PESCARA – Una casa Ater trasformata quasi in una reggia. E quando i carabinieri ieri sono entrati nell’appartamento per una perquisizione, oltre alla droga, hanno trovato arredi di gran lusso non compatibili con la fatiscenza dello stabile sito nel quartiere Rancitelli.
In manette in flagranza di reato per detenzione ai fini di spaccio per sostanze stupefacenti i coniugi Achille Di Rocco, 47enne e Marilena Spinelli (44) e il fratello di lei Carmine Spinelli (49), tutti di etnia rom e con precedenti di polizia.
I tre etti di droga ritrovati dai carabinieri, grazie anche all’impiego del Nucleo Cinofili di Chieti, erano nascosti nella casa di Carmine Spinelli.
Fra gli appartamenti dei tre e il garage, i militari, coordinati dal capitano Claudio Scarponi hanno scoperto, oltre alla droga, anche quattro bilancini di precisione, una pressa idraulica per il confezionamento della droga e 40 grammi di mannitolo, sostanza di libera vendita e utilizzata per il taglio della cocaina.

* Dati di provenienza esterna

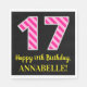 Serviette En Papier Fun Pink Stripes "17"; Joyeux 17e anniversaire; No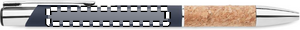 Trykknappen i aluminium med korkgreb. Blåt blæk.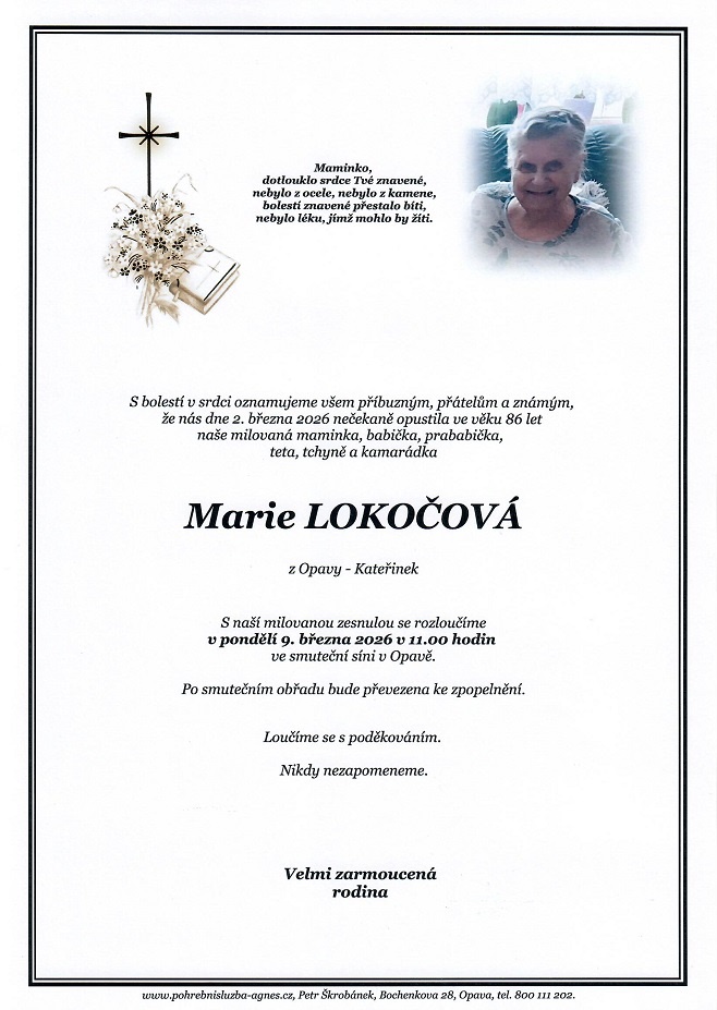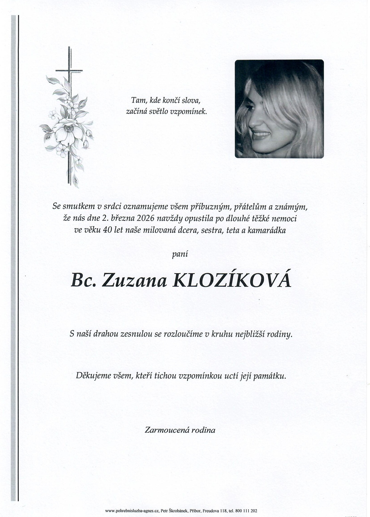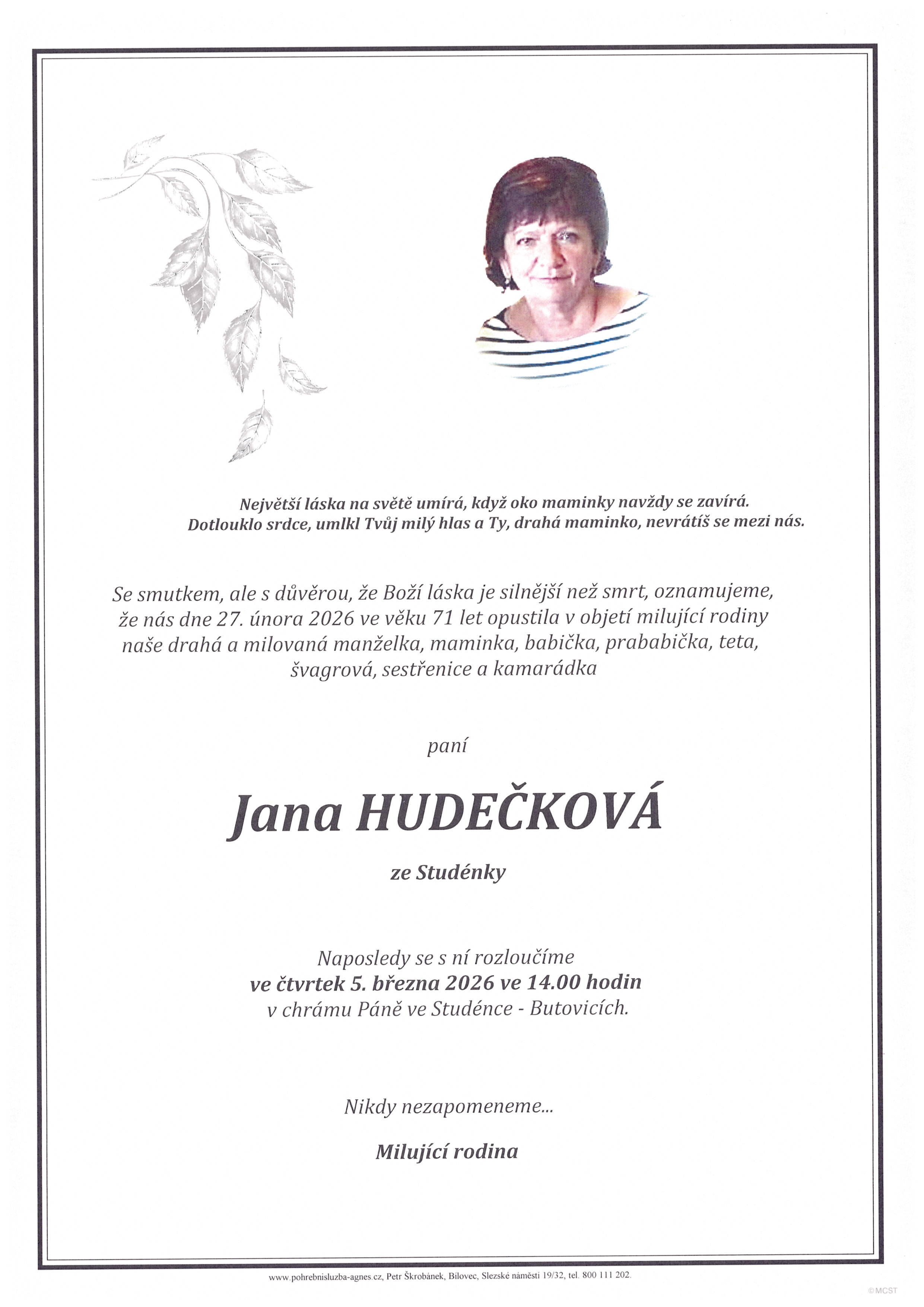 Aktuální rozloučení - pohřby | Pohřební služba St. Agnes, Bílovec, Opava, Hradec nad Moravicí, Studénka, Příbor, Fulnek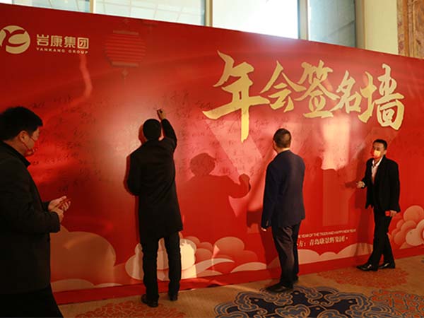 年會在主辦方青島康景輝科技集團的董事長夏和斌先生和巖康集團董事長夏和義先生的演講中開始,接下來就是各公司組織的文藝匯演以及抽獎環節,整場文藝匯演及抽獎便在這歡聲笑語中圓滿落幕,豐盛的飯菜也端上了桌,盛典迎來午宴環節。宴會期間,董事長夏和義先生親自為到場的所有員工發放紅包并送上了新年祝福,合影留念,現場氣氛迎來巔峰。

La droga, una volta immessa sul mercato del pescarese, avrebbe fruttato oltre 100 mila euro.
Sono in corso accertamenti patrimoniali sia sull’abitazione che sulle due auto in uso agli arrestati (una Mercedes e una Renault Clio) per un valore di oltre 70 mila euro.
I tre, ufficialmente senza lavoro, sono stati trasferiti nelle case circondariali di S. Donato (i due uomini) e Madonna del Freddo, la donna.
Le indagini non sono però concluse e nelle prossime ore potrebbero esserci ulteriori novità.